Content starts

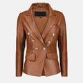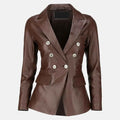 This trendy leather blazer women comes in maroon, brown, and brown nubuck to fit your taste. There are colors for any occasion, from strong to delicate. The Swelte Norma Leather Blazer Outfit is a trendy and classy item that can easily transition from day to night, and it will help you take your wardrobe to the next level with its use. Whether you are going to the workplace, going out to dinner with friends, or going to a special event, this leather blazer for women is the ideal option for any lady who is interested in being on the cutting edge of fashion.
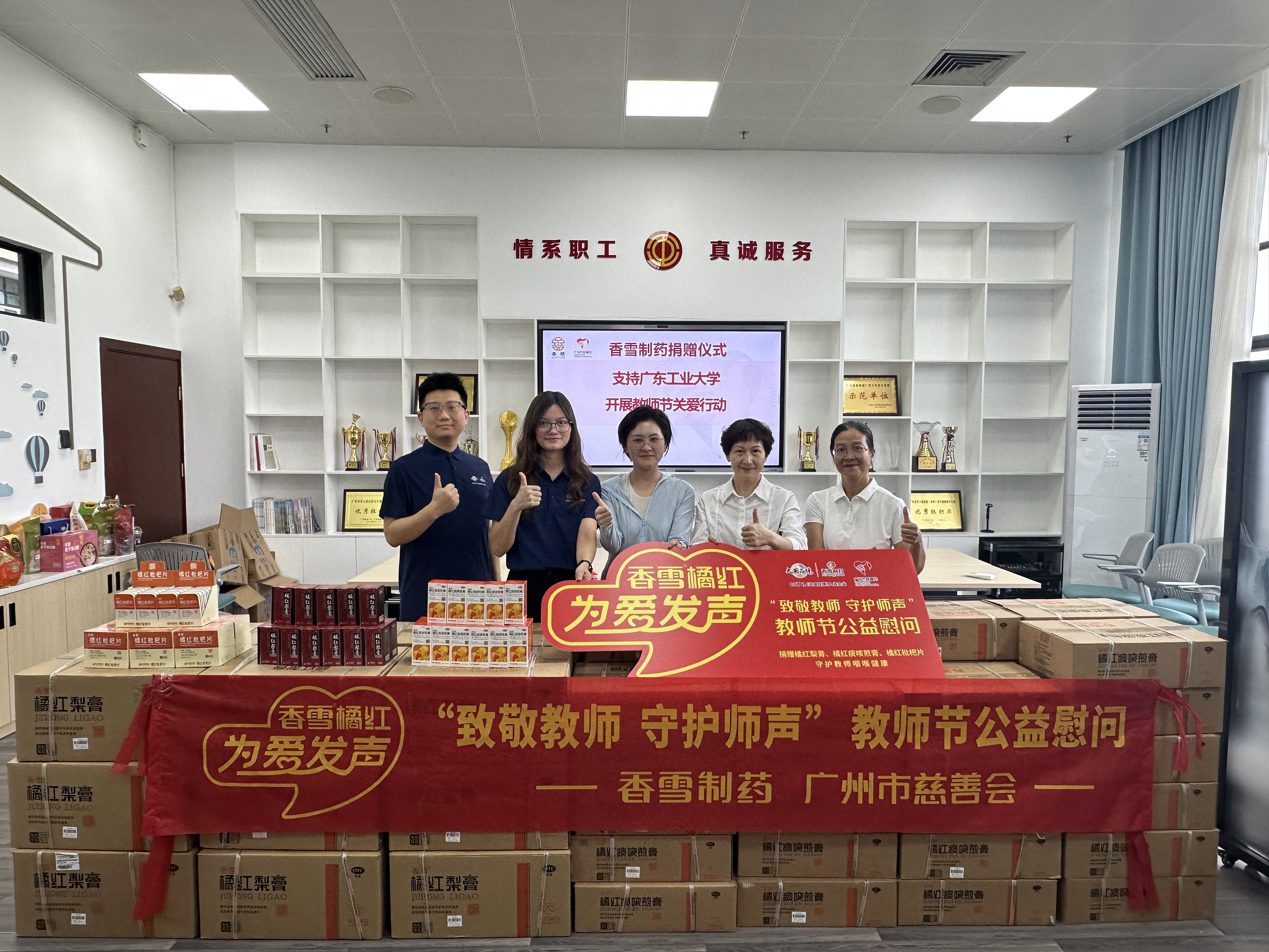 2025年9月10日,正值第41个教师节,一个感恩与敬意汇流的日子。bevictor伟德携手广州市慈善会开展“bevictor伟德橘红 为爱发声”公益关爱行动,向广东工业大学、华南农业大学两所高校捐赠总价值11.7万元的橘红梨膏、橘红痰咳煎膏以及橘红枇杷片,专项用于教职工咽喉健康呵护。
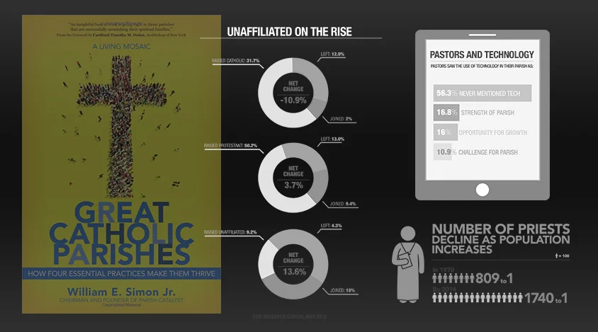 Book Infographics - Great Catholic Parishes Infographics created for William E. Simon's book Great Catholic Parishes: A Living Mosaic to support the book's content and provide visual representation of data.
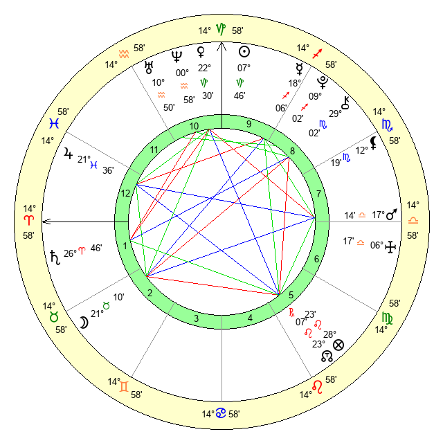| Mars | 17 Libra 14 | 2 Leo 39 | 29 Libra 15 |
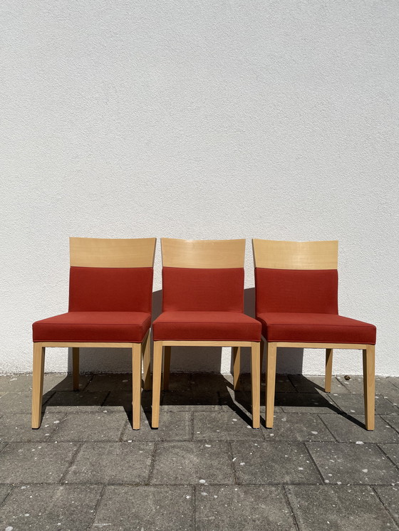 Logica 00930 Designerstühle der Marke Montbel, entworfen von den Brüdern Edi & Paolo Ciani. Schöne und edle Stühle, die normalerweise an den Geschäftsmarkt geliefert und verkauft werden. Daher auch die Bezeichnung Vervoort. Die Stühle bestehen aus einem Gestell aus massiver Buche und einer Sitzfläche und Rückenlehne, die vollständig mit Wollfilz gepolstert sind. Die Sitzfläche und die Rückenlehne sind mit einem Keder versehen.
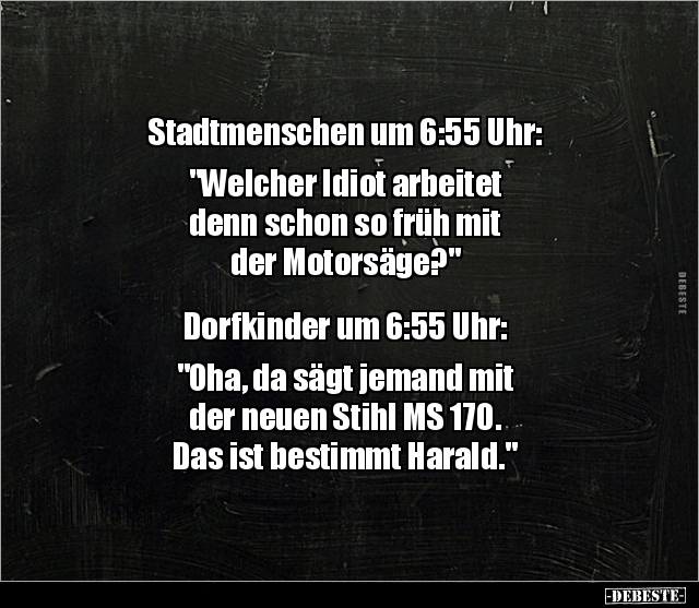 Stadtmenschen um 6:55 Uhr: "Welcher Idiot arbeitet denn schon so früh mit der Motorsäge?" Dorfkinder um 6:55 Uhr: "Oha, da sägt jemand mit der neuen Stihl MS 170. Das ist bestimmt Harald."
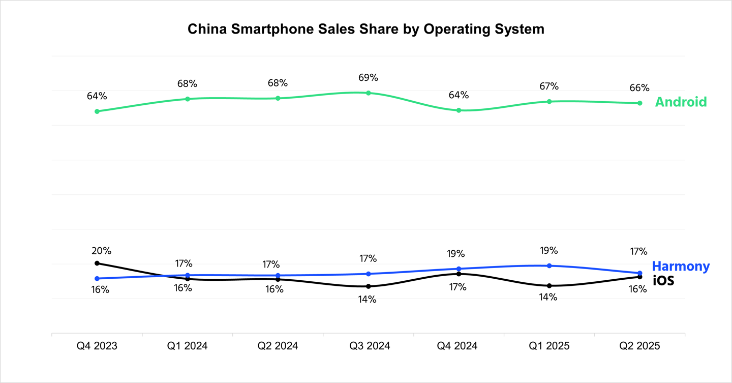 CounterPoint 報告中國手機(jī)系統(tǒng)份額:華為鴻蒙連續(xù) 6 個季度超蘋果 iOS 穩(wěn)居第二
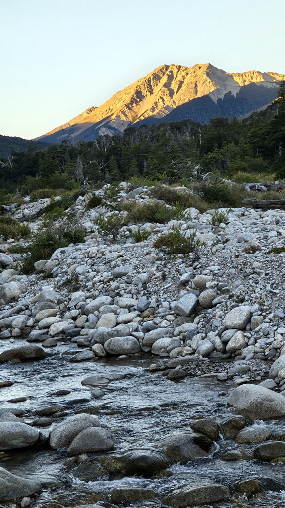 El descenso nos permite vivir otra dimensión del trekking: la luz cambia, las sombras se alargan, y los detalles que pasamos por alto en la subida se revelan ahora con más fuerza. Se puede detenerse junto al arroyo para descansar, contemplar sus prístinas aguas y sentir la textura de las piedras grises bajo las manos, mientras el entorno sigue envolviéndonos con su calma.

Content ends

Transcribe only the lines between the line containing "CounterPoint 報告中國手機(jī)系統(tǒng)份額:華為鴻蒙連續(xù) 6" and the final line of the listing, inclusive, exactly as they appear; no pictures are to be included.

 CounterPoint 報告中國手機(jī)系統(tǒng)份額:華為鴻蒙連續(xù) 6 個季度超蘋果 iOS 穩(wěn)居第二
 El descenso nos permite vivir otra dimensión del trekking: la luz cambia, las sombras se alargan, y los detalles que pasamos por alto en la subida se revelan ahora con más fuerza. Se puede detenerse junto al arroyo para descansar, contemplar sus prístinas aguas y sentir la textura de las piedras grises bajo las manos, mientras el entorno sigue envolviéndonos con su calma.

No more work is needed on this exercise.